Ultimately, Forese said, there will have to be fairness in taxes among different types of retailers.

“I just want to make sure that whatever actions we’re taking as a state we’re being cautious and deliberate and caring more about the health horse (of free enterprise) pulling the wagon than we are about digging our hands into their pocket,’’ he said.

“There’s a trend in government where it gets creative to milk as much money from the free market cow as it possibly can,’’ Forese continued. “It’s detrimental to innovation.’’

Weiers agreed that a federal solution might be preferable — if that were in the offing. He said that should not be difficult.

“If Congress ever had the balls to do what they needed to do, they would say let’s go ahead and enforce what truly is the law,’’ he said. “If it’s coming from a state that you reside in, you’re supposed to collect on it.’’

Weiers also said he had no sympathy for arguments that the Internet companies would be on the hook if a customer did not remit Arizona’s sales tax.

He pointed out that, technically speaking, Arizona does not have a sales tax but a “transaction privilege tax’’ levied on the retailer. He said while merchants are free to pass that along to their customers, the responsibility remains with the seller.

Gov. Jan Brewer is staying on the sidelines, at least for the time being.

“I think that (issue) probably might, at some point, be resolved,’’ she said. “I’m not in a position today to really discuss that.’’

Pressed for how she would want it “resolved,’’ the governor said that the subject has been around as long as she has been an elected official. That goes back to 1982 when she was first elected to the Legislature, though the sales being discussed for taxation at that time were by phone and catalog.

“We know as we are moving into this new century of doing business that, I’m sure, that the federal government will continue trying to address that issue,’’ she said.

Amazon did not respond to requests for comment on the issue. But company officials, at a grand opening of a new company distribution center in Phoenix last month made it more than clear that his company’s decision of where to locate future facilities is linked to a state’s policies on sales tax.

Paul Misener, Amazon’s vice president of global public policy, said the U.S. Constitution established a “federation of states’’ that retained many powers and a federal government that took over some, “including the responsibility of regulating interstate commerce.’’

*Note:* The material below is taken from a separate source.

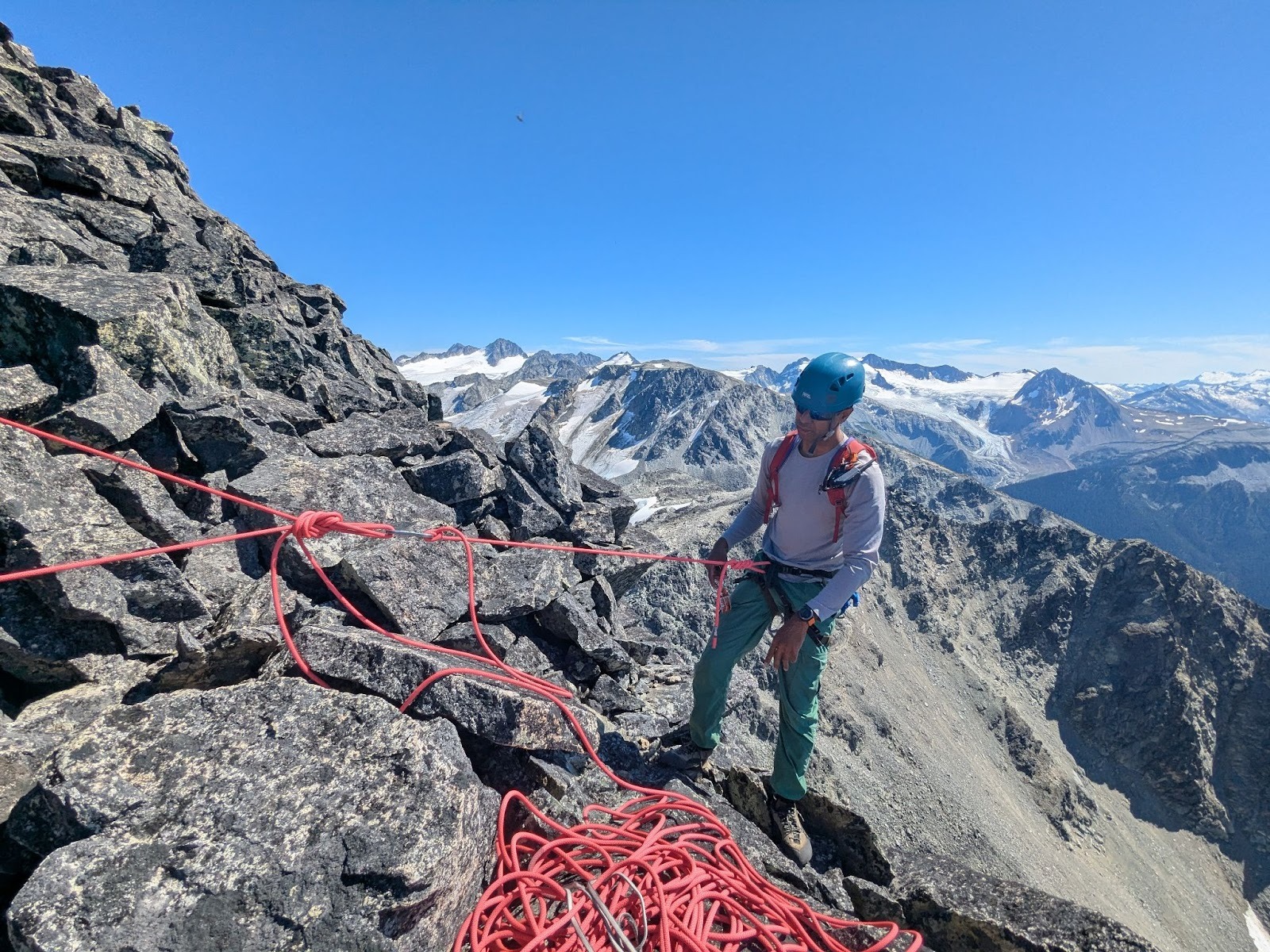 Shashi led the initial section and then at some point, I found myself in the lead. The route finding was fairly straightforward, even though the loose rock meant the movement was slow. For the rest of the climb, Shashi let me stay in the lead and I felt grateful for the opportunity to practice and gain experience. It’s the mark of a great climbing partner when they implicitly know what you need to learn and grow and generously offer you that space. Even though I fumbled a bit with rope management and walked away with a few lessons there, being on the sharp end was invaluable for building confidence.

“Citizens of this country, individuals or companies, are free to choose where to live, and the state and local governments may adopt policies that attract and retain these citizens,’’ Misener said. “We deeply appreciate leaders who respect and appreciate the balance.’’

And Amazon.com CEO Jeff Bezos, in an interview earlier this year with Reuters, said his company would cuts its partnerships with affiliates in any state that requires it to collect sales taxes.

“In the U.S., the Constitution prohibits states from interfering in interstate commerce,’’ Bezos told Reuters, citing that 1992 Supreme Court decision. He said the “right place’’ to fix the issue is with federal legislation.